There is a lot of money going into the space industry right now. It is difficult to imagine a world where you can sustain hundreds of earth observation companies, but that increased competition is also teaching them to be sensitive to customer needs — to build sensors that are optimized towards the kind of data that are going to solve problems for both the corporate world and the government world. Of course, in situations like this not every company survives but the ones that do survive will be incredibly healthy and will be delivering data that is on point to the problems that we are going to solve.
Do you see yourself as a scientist or an executive? How would you define your leadership style?
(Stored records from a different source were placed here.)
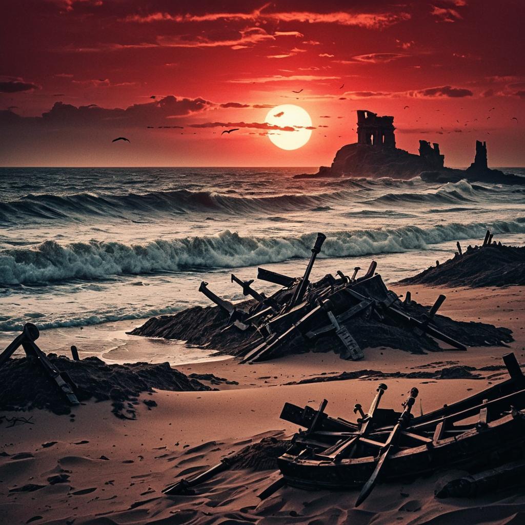 A haunting and mysterious deserted ancient battlefield on a sandy shore under a dramatic red sunset sky. Broken swords and weapons are scattered across the sand, with ocean waves gently lapping nearby. Ruined structures stand silhouetted against the setting sun, adding to the eerie and somber atmosphere.
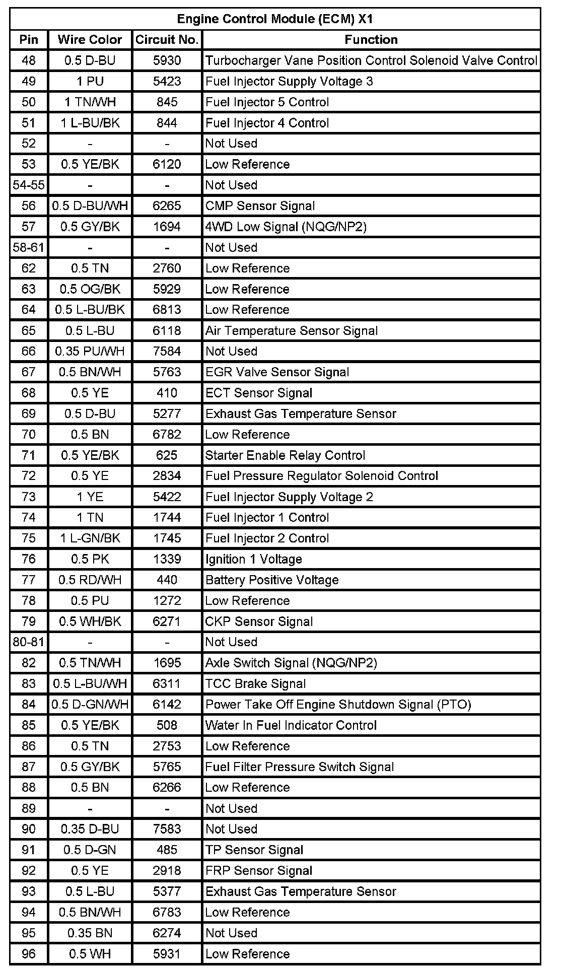 Engine Control Module (ECM) X1 (Pin 48 To 96):
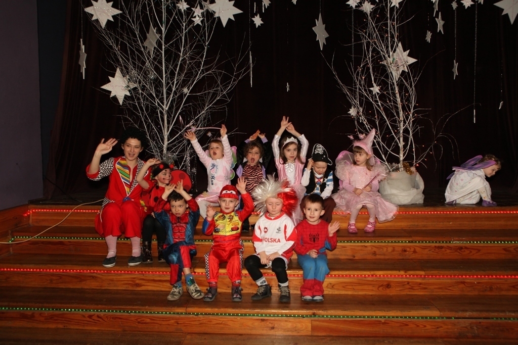 Część rodziców również postanowiła wystroić się karnawałowo: swoją obecnością zaszczycili nas między innymi klown, księżniczki, piratka, siedmiu krasnoludków w jednym, kowboj i czarownica... oj, masa najróżniejszych charakterków:)
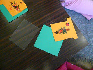 みんなでプラ版つかってオリジナルのクリスマス カードをつくりました。
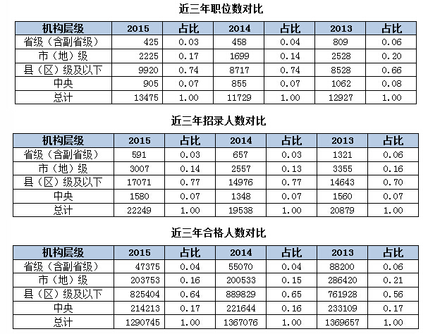 從機構(gòu)層級來看,三年來縣(區(qū))級及以下的職位數(shù)、招錄人數(shù)、合格人數(shù)在各層級中均占比。而今年縣(區(qū))級及以下的職位數(shù)和招錄人數(shù)比前兩年都高,而合格人數(shù)較去年卻下降6萬多人,從一定程度上反映了考生依然不太喜歡選擇基層職位,加之今年很多基層職位為了留住人才,要求考生最低服務年限為5年,這也卡掉了一大批想報基層的考生,縣級以下職位報考不如往年“”。中公教育提醒考生,不“熱”對考生來講是個好消息,可以減少“炮灰”幾率。
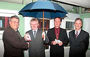 "Schirmherr" Bürgermeister Nebelo nimmt das Geld für die Flutopfer von Bocholter Karnevalisten entgegen.
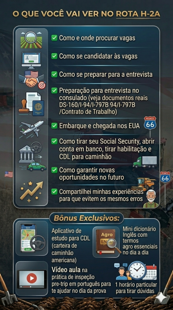 Aprenda na prática o passo a passo de como você pode viver o sonho americano ganhando mais de R$ 10.000 reais por mês e com seu empregador pagando sua passagem ida-e-volta, moradia e transporte.
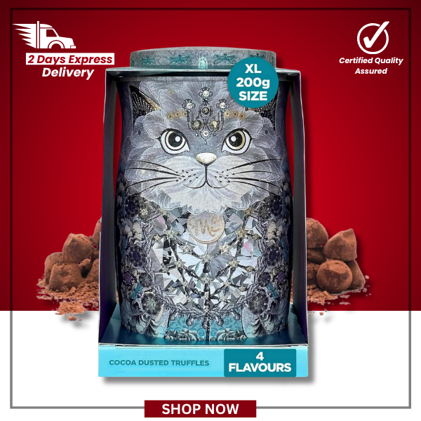 Elevate your chocolate moments with this luxurious four-flavour tin. Order your Diamond Empress Cat Tin today and gift the taste of authentic British indulgence. 🍫✨

I am certainly not a scientist because I don’t have a PhD and I studied philosophy. But I don’t see myself as an executive either. My history and my background is about taking a core fundamental technology and trying to translate that into something that is useful to a consumer — whether it is an actual consumer on an iPhone or whether it is a government or a corporation. I think there is a little bit of a lot of different skills I have — ability to understand problems really well, ability to be crisp about defining problems, ability to understand complex technologies… actually not necessarily understand them at the deepest level, but how we can apply them in the real world to solve problems…
I consider myself the Chief Philosophical Officer of Descartes Labs, trying to define the philosophy of defining who we are. Maybe that is my leadership style.
We are a growing company, and one of the things you have to do at this stage is to constantly evolve what your style is. I try to hire really amazing people to run different departments of the organization. I try to allow them to operate independently. I try to focus on strategic aspects and avoid getting into the weeds… although I am not successful there.
I believe the CEO must constantly redefine himself and his leadership style as the company grows. So, once we are 2,000-people strong and stable, maybe I will have defined it. For now, it is ever changing.